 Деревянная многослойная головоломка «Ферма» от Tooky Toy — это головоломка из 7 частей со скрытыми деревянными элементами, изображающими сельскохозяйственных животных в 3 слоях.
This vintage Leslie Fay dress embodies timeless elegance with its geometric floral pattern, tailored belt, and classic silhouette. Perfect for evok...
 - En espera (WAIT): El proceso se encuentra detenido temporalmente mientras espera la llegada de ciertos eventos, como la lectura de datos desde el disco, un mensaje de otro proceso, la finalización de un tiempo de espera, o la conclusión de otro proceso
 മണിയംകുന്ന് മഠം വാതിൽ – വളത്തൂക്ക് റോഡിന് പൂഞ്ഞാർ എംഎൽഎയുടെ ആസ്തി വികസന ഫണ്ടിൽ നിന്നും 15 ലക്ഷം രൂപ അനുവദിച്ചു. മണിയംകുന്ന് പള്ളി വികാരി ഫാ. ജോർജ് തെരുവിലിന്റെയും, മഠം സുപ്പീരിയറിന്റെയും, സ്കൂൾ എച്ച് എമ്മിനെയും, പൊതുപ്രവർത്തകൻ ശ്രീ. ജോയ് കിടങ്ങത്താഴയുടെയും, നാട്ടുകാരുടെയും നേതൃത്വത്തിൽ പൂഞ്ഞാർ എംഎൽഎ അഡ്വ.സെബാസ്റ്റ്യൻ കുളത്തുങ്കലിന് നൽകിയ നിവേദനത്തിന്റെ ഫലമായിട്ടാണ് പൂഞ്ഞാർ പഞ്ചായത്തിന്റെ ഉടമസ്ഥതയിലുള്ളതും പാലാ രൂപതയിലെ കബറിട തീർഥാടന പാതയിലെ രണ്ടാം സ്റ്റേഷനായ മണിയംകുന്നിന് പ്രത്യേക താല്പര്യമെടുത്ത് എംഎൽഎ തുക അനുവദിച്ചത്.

---

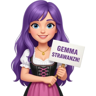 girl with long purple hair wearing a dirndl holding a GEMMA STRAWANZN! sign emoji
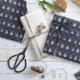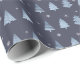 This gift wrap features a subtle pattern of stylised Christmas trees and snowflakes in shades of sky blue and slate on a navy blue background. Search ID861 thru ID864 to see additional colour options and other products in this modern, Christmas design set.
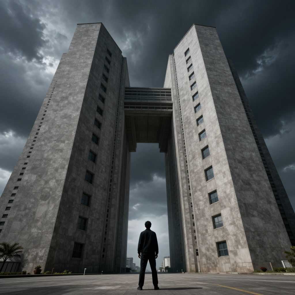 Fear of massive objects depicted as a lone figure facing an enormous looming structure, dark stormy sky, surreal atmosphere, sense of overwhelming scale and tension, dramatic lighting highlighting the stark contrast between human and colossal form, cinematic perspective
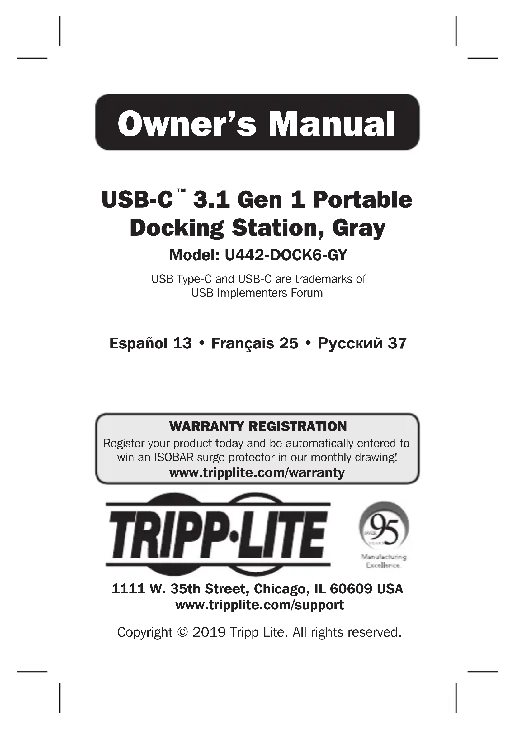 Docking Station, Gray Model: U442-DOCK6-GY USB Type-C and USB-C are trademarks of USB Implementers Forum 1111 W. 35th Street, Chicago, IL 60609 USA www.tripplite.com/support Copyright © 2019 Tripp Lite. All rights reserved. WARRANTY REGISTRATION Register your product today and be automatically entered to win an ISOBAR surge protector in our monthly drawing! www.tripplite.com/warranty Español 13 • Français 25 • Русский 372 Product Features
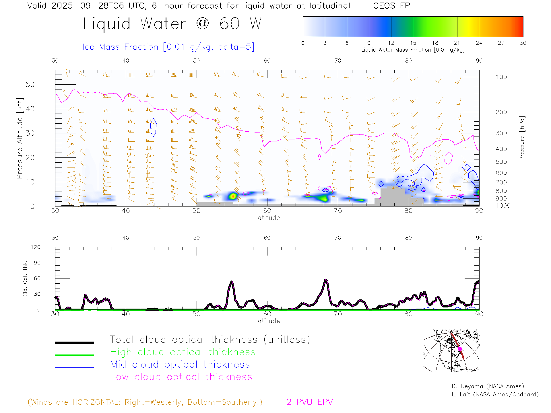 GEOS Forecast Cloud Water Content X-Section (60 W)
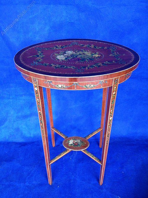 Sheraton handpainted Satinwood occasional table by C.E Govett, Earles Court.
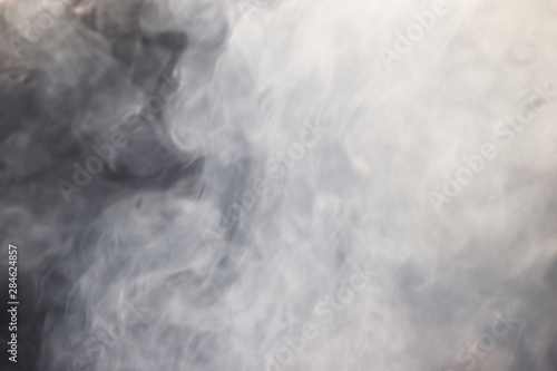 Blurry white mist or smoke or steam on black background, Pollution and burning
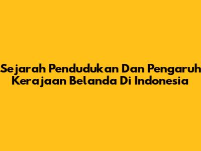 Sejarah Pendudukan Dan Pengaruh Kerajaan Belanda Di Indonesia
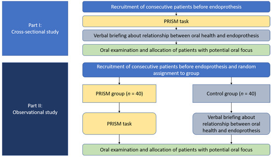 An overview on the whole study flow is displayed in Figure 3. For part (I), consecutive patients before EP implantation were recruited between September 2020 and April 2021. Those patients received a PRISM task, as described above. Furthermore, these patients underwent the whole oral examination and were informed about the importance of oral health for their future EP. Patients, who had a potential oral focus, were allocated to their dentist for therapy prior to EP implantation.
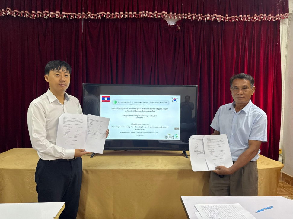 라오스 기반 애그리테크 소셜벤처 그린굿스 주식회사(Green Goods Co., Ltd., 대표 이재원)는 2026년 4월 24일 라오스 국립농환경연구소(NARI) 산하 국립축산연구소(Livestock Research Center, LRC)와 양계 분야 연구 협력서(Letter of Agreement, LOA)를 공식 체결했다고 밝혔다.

• _What is needed_: From the material above, output only the span of lines that starts at the one containing "Sejarah Pendudukan Dan" and finishes at the one containing "라오스 기반 애그리테크", word for word and free of pictures.

• _Response box_:
 Sejarah Pendudukan Dan Pengaruh Kerajaan Belanda Di Indonesia
 An overview on the whole study flow is displayed in Figure 3. For part (I), consecutive patients before EP implantation were recruited between September 2020 and April 2021. Those patients received a PRISM task, as described above. Furthermore, these patients underwent the whole oral examination and were informed about the importance of oral health for their future EP. Patients, who had a potential oral focus, were allocated to their dentist for therapy prior to EP implantation.
 라오스 기반 애그리테크 소셜벤처 그린굿스 주식회사(Green Goods Co., Ltd., 대표 이재원)는 2026년 4월 24일 라오스 국립농환경연구소(NARI) 산하 국립축산연구소(Livestock Research Center, LRC)와 양계 분야 연구 협력서(Letter of Agreement, LOA)를 공식 체결했다고 밝혔다.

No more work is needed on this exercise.